README.md

# Hub

A pub-sub hub that builds on top of phoenix_pubsub. Phoenix is not required.

With Hub, a subscription is made with a pattern to match messages.

Example:

```elixir
# In one process:
Hub.subscribe("some_channel", %{name: _, age: age} when age > 42)
receive do
  %{name: name} -> IO.puts("#{name} is older than 42")
end

# In another process:
Hub.publish("some_channel", %{name: "John", age: 48})
```

## Installation

Add `hub` to your list of dependencies in `mix.exs`:

```elixir
def deps do
  [{:hub, "~> 0.2"}]
end
```

## Status

[![CircleCI](https://circleci.com/gh/vesta-merkur/hub.svg?style=svg)](https://circleci.com/gh/vesta-merkur/hub)

## How it works and what you should know.

Hub utlizes `Tracker` and `PubSub` of phoenix_pubsub to provide a robust and simple pub-sub hub where processes can
subscribe to messages with an Elixir pattern just like guard clauses.

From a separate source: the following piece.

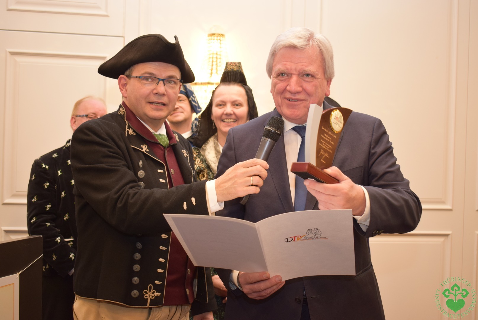 In einer sehr emotionalen Rede wandte sich Hessens Ministerpräsident an die Delegierten und ihren Präsidenten Knut Kreuch, Oberbürgermeister der Stadt Gotha. Er erinnerte zuerst an seinen ersten Besuch in Gotha, am 3. Januar 1990. Dabei bewies der Landeschef eine sagenhafte Erinnerungsgabe, die ihn vom atemberaubenden Schloss Friedenstein, über die kaputten Häuser des Hauptmarktes bis zur Wohngebietsgaststätte „Freundschaft“ und zum „Klub der Kulturschaffenden“ führte. Als Kreuch ihm sagte, dass er es war, der ihm damals im Klub die Tür öffnete und die Veranstaltung betreute, sprudelten die Gothaer Erinnerungen noch lebendiger. In einer anschließend bemerkenswerten Rede hob der hessische Ministerpräsident die Werte von Heimat und Tracht sowie bürgerschaftlichem Engagement hervor.

Behind the scenes the pattern is "decompiled" into an Elixir AST and saved with the subscription. When a message is
published to a channel, the pattern of each subscription is checked against the message and the subscriptions that
match receives the message.

If you have lots of messages and lots of subscribers in the same channel, this is probably not for you, since the
performance cost of pattern matching each message against each subscriber could be a problem.

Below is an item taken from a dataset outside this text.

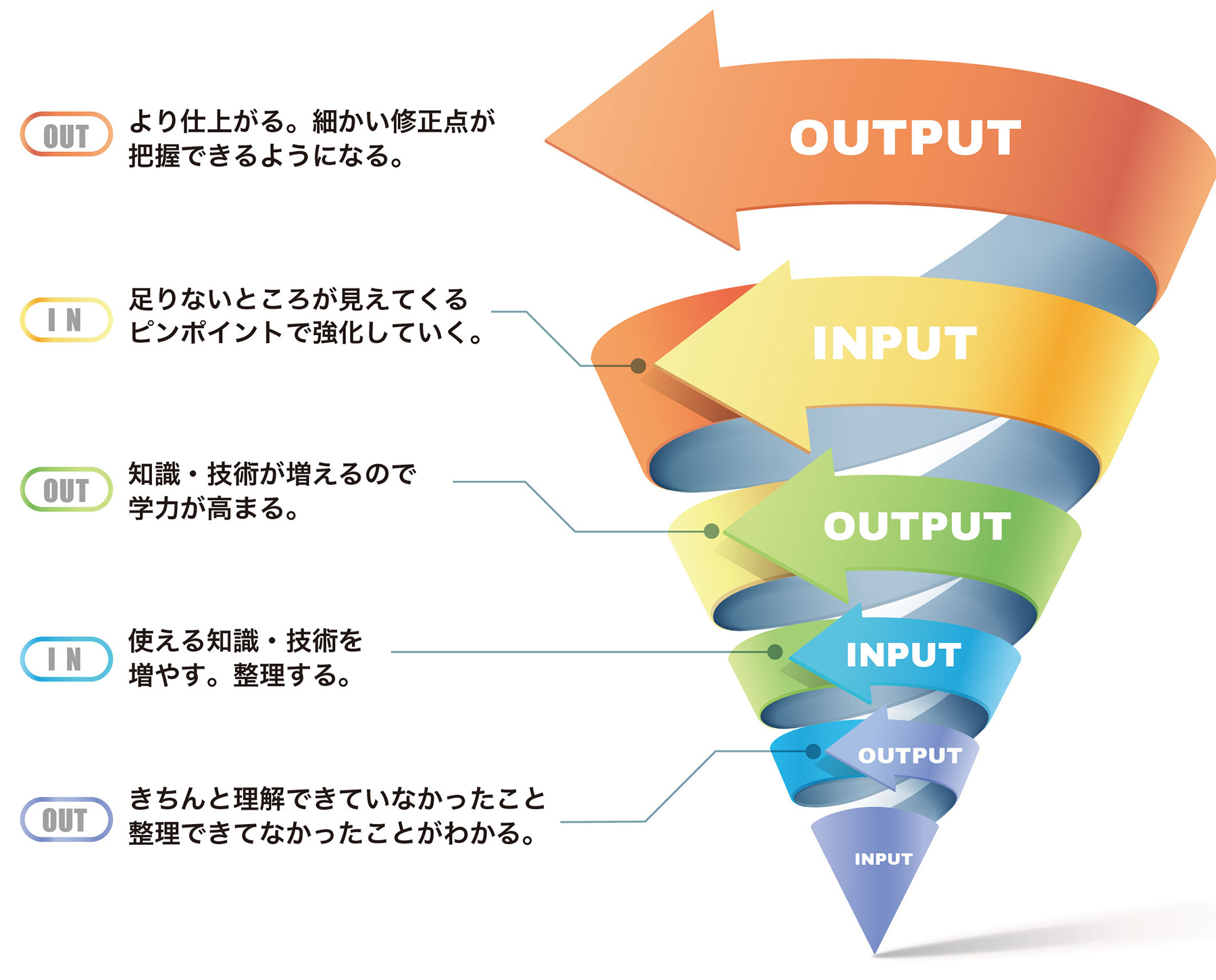 OUTPUTを増やしていくことで、重要なこととそうではないものの区別が把握でき、その単元のもつ「出題のくせ」が掴めるようになってきます。そして何回も出題される問題を通して理解の強化が行われます。未経験の問題にぶつかったら、解法を確認していく事によって事によって解答技術の引き出しが増えていくのです。また、試験範囲を俯瞰してみることができるようになるため、自分の得意なところと仕上がってないところが見えるようになってくるのです。そうなると、今度は足りないところを強化するINPUTして〜というサイクルに入っていきます。学力の輪はどんどん大きくなっていくのです。

However, many applications with many published messages can easily split messages into multiple channels based on
application specific criteria. If performance is a concern, having different channels should be used as much as
possible.

## Usage

A subscription is made with a quoted pattern:

```elixir
Hub.subscribe_quoted("My channel", quote(do: {:some, pattern}), pid: self(), count: :infinity)
```

* The `pid` is the process that should receive published messages. Default is `self()`.
* The `count` is how many times a subscription can be triggered before it is auto-unsubscribed. Default is `:infinity`.

A convenience macro, `subscribe`, can be used to avoid the `quote`. Given the default value of the options, the
following is equivalent to the above:

```elixir
require Hub
Hub.subscribe("My channel", {:some, pattern})
```

To publish a message in a channel, call `Hub.publish/2`:

```elixir
Hub.publish("My channel", {:any, "valid", %{elixir: "term"}})
```

When a message is published to the pid of a subscription, it is send directly and unmodified to that process' mailbox.
The subscriber should `receive` the message:

```elixir
Hub.subscribe("Channel", {:hello, name})
Hub.subscribe("Channel", {:goodbye, name})

receive do
  {:hello, name} -> IO.puts("Hello #{name}")
  {:goodbye, name} -> IO.puts("Goodbye #{name}")
end
```

If the receiver is a GenServer, and you don't want a blocking `receive`, use `handle_info` instead:

```elixir
def handle_info({:hello, name}, state) do
  IO.puts("Hello #{name}")
  {:noreply, state}
end
```

### Using local variables

Sometimes one wish to subscribe using a pattern involving local variables.
The `subscribe` macro accepts a `bind_quoted` argument, that will replace pinned variables with the given values.

E.g.

```elixir
size = 42
Hub.subscribe("my channel", %{size: ^size}, bind_quoted: [size: size])
```

is equivalent to

```elixir
Hub.subscribe("my channel", %{size: 42})
```

## Examples

Subscribe only once to a message:

```elixir
Hub.subscribe("My channel", {:hello, name}, count: 1)
```

`when` is perfectly legal to use in the pattern:

```elixir
Hub.subscribe("My channel", %User{age: age} when age > 42)
```

Subscribe another process:

```elixir
Hub.subscribe("My channel", {:hello, name}, pid: child_pid)
```

Subscribe to all messages in a channel:

```elixir
Hub.subscribe("My channel", _)
```

## Contributing

Tests are run with `mix test`. When submitting new code, make sure `mix credo` also passes.